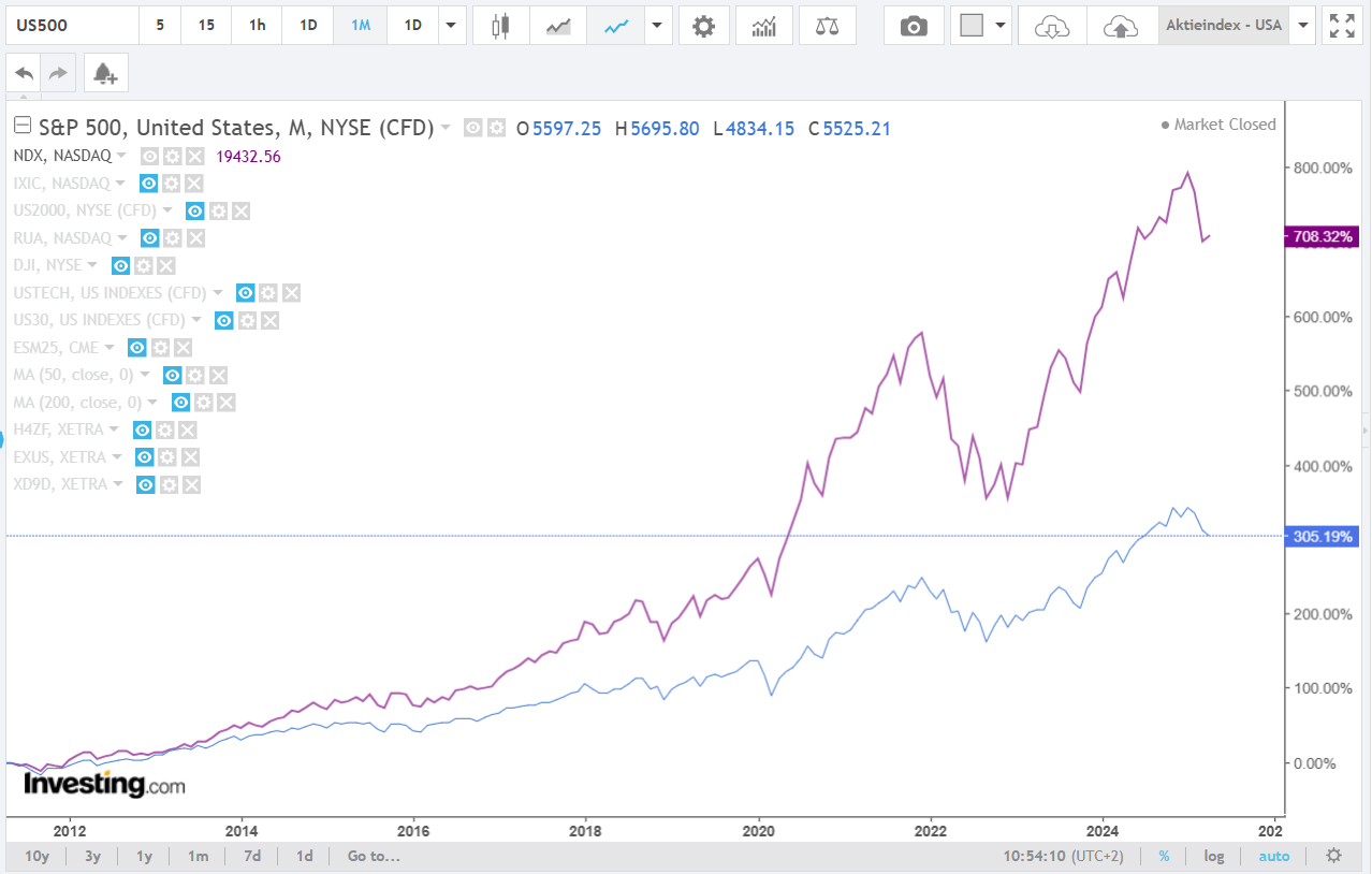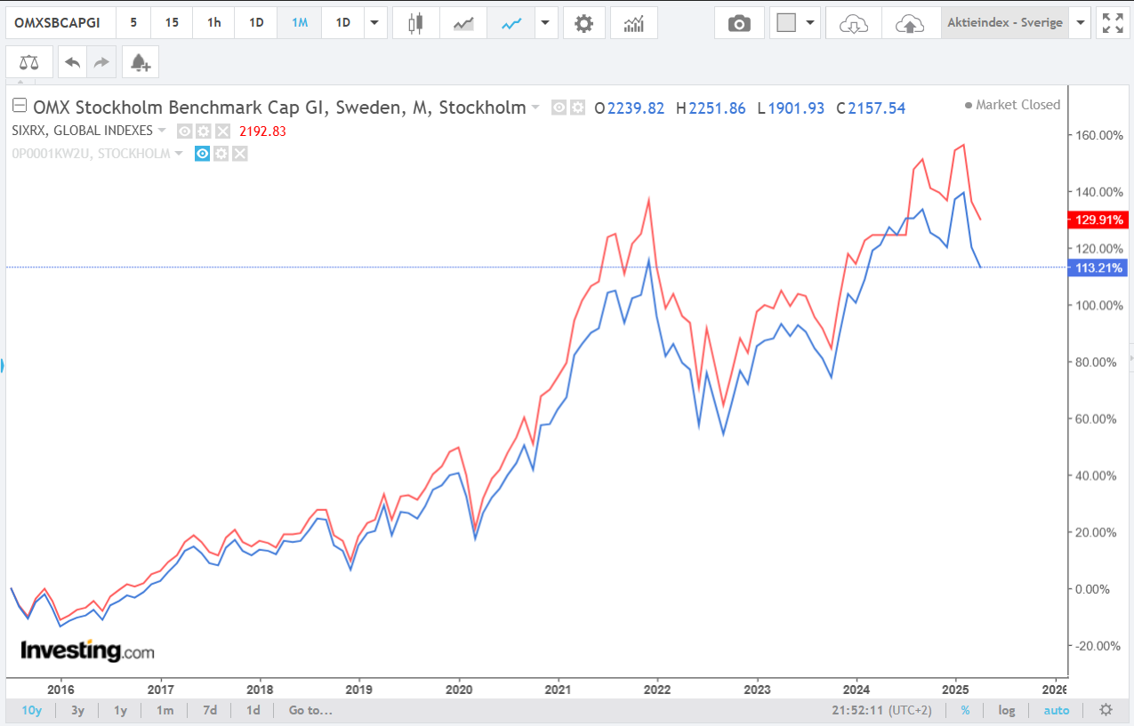 Tänk på att “den röda linjen ligger konstant över den blå” inte är samma sak som “den röda linjen presterar konstant bättre”. Konstant bättre skulle innebära att avståndet mellan dem konstant växer. På den nedre bilden ser det för mig ut som att den röda överpresterade fram till 2022, sedan underpresterade till slutet av 2024 (den blå var ju ikapp där ett kort tag) och sedan drog iväg där i ett kort hopp. Fast just det hacket kan nog vara ett fall av data som fattas eller liknande. Men en skillnad mellan 113% och 130% på tio år är inte enorm, och det är nog svårt att dra några slutsatser av det på såpass kort tid.
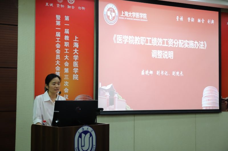 盛晓娜副书记、副经理代表公司作《402永利集团教职工绩效工资分配实施办法调整说明。
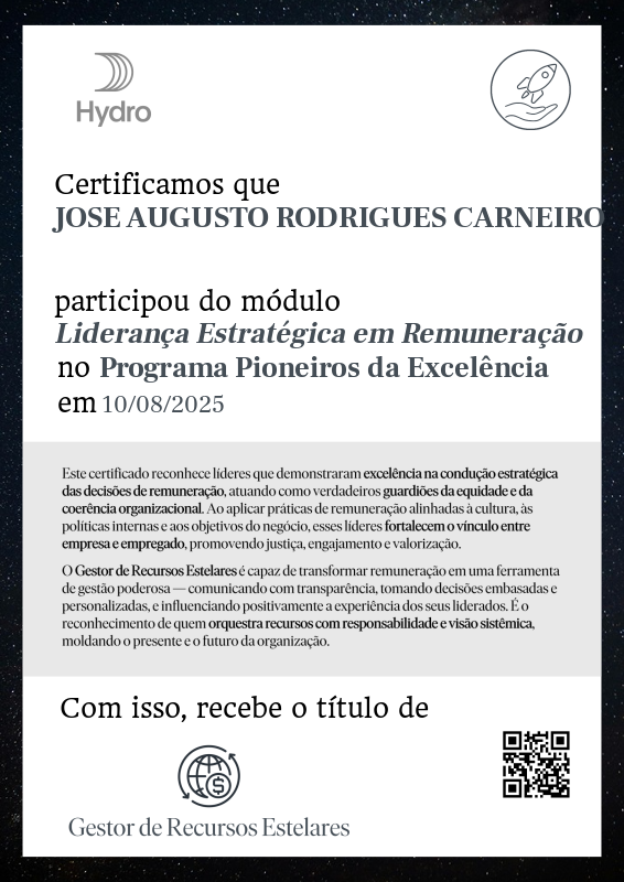 Gestor de Recursos Estelares é capaz de transformar remuneração em uma ferramenta de gestão poderosa — comunicando com transparência, tomando decisões embasadas e personalizadas, e influenciando positivamente a experiência dos seus liderados. É o reconhecimento de quem orquestra recursos com responsabilidade e visão sistêmica, moldando o presente e o futuro da organização.
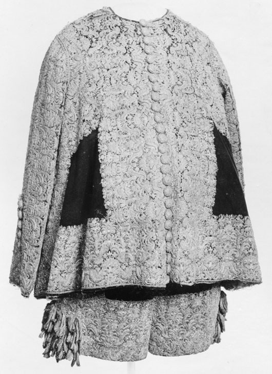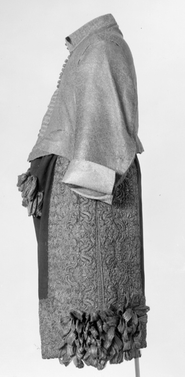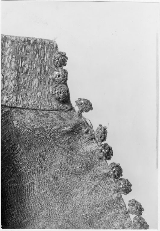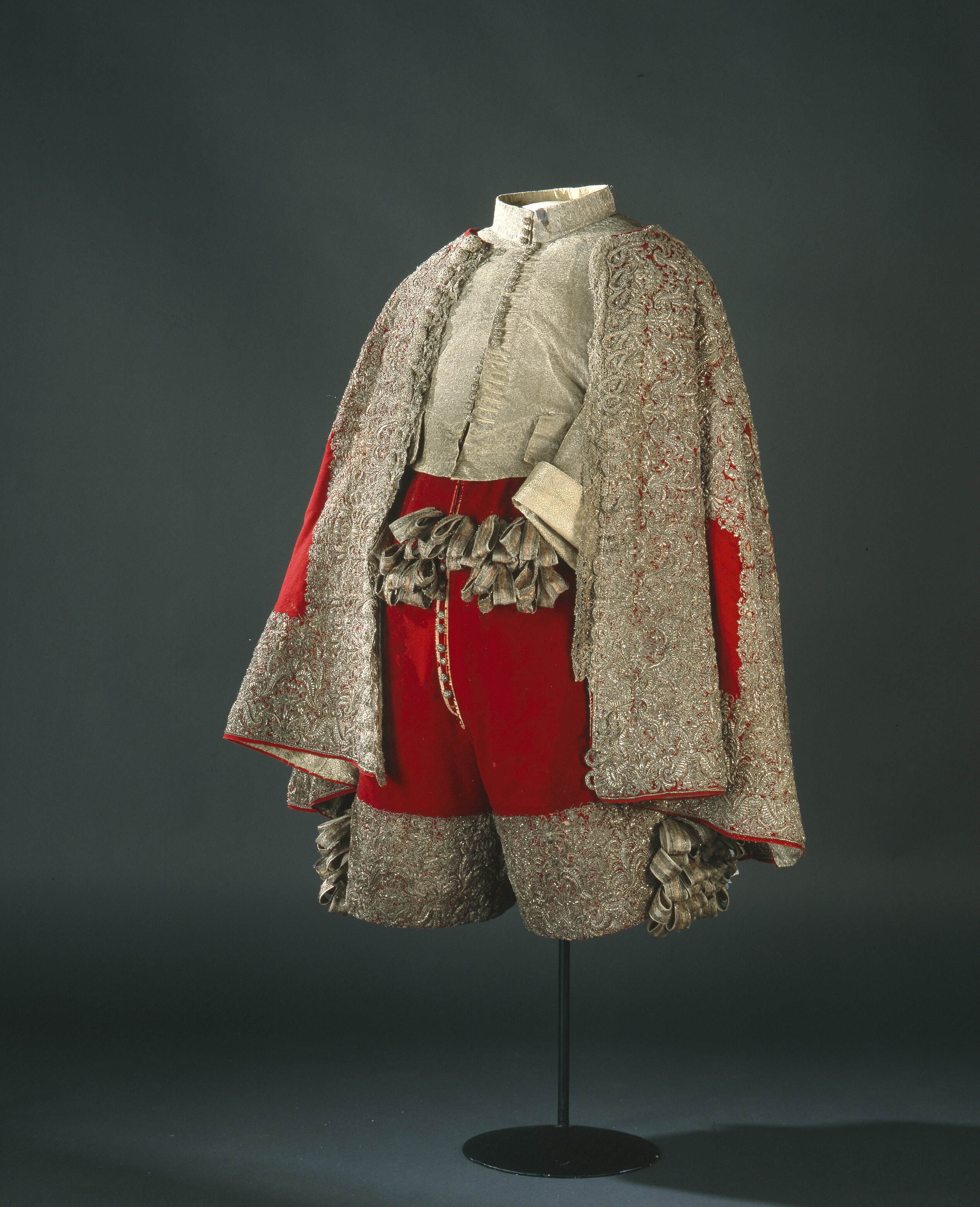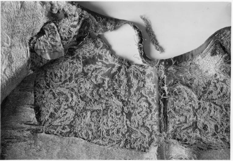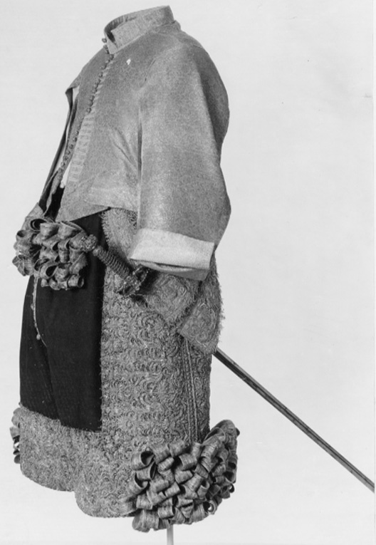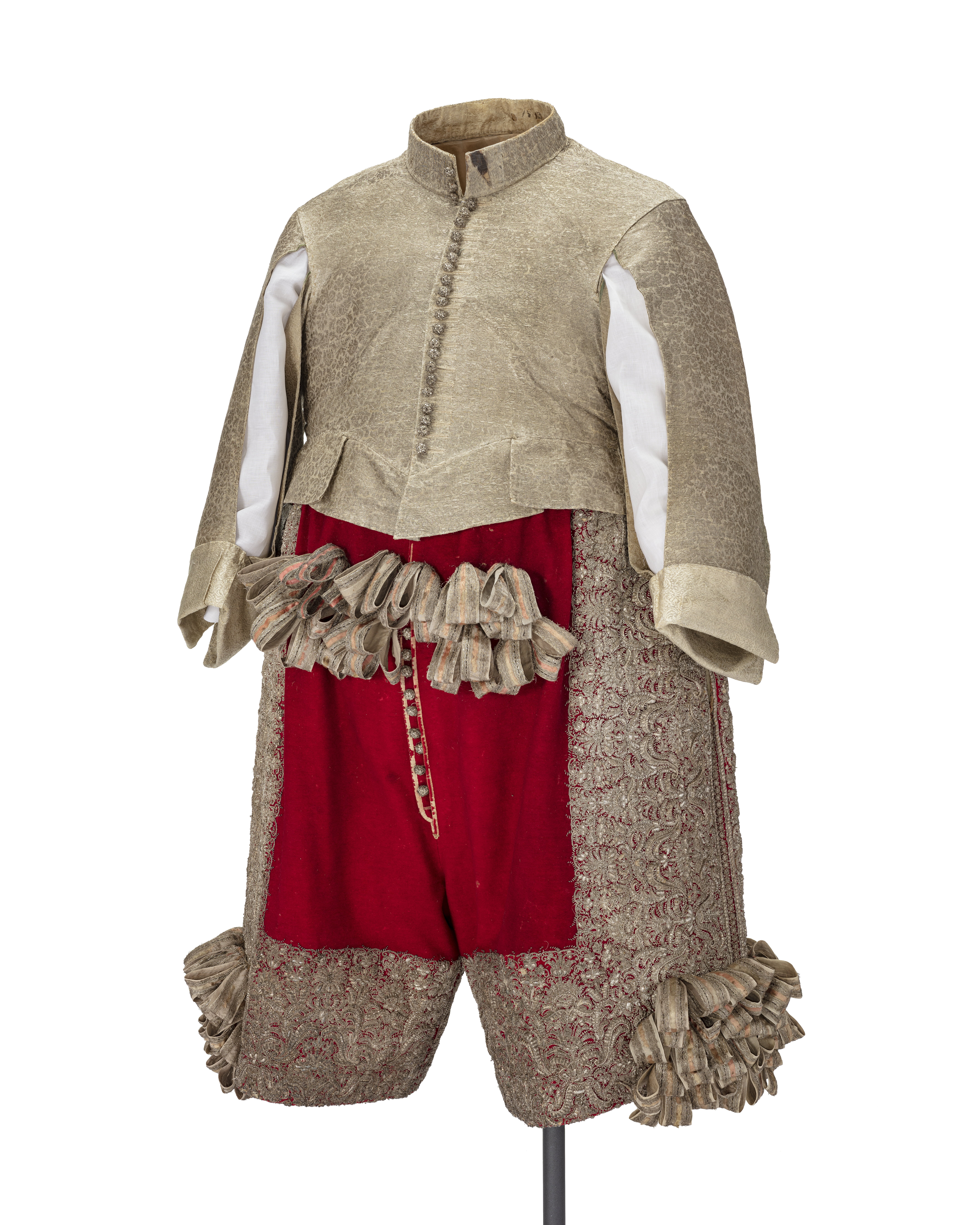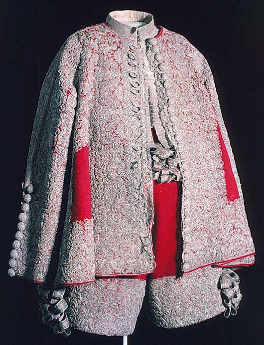 Tröja av mönstrad silverbrokad, ca 1650-1660, använd av Karl X Gustav vid kröningen 6 juni 1654.

Exercise prompt:
Could you write out verbatim only those lines that run from the line containing "Gestor de Recursos" through the end of the listing above, both included, without the pictures?

Answer to the exercise:
 Gestor de Recursos Estelares é capaz de transformar remuneração em uma ferramenta de gestão poderosa — comunicando com transparência, tomando decisões embasadas e personalizadas, e influenciando positivamente a experiência dos seus liderados. É o reconhecimento de quem orquestra recursos com responsabilidade e visão sistêmica, moldando o presente e o futuro da organização.
 Tröja av mönstrad silverbrokad, ca 1650-1660, använd av Karl X Gustav vid kröningen 6 juni 1654.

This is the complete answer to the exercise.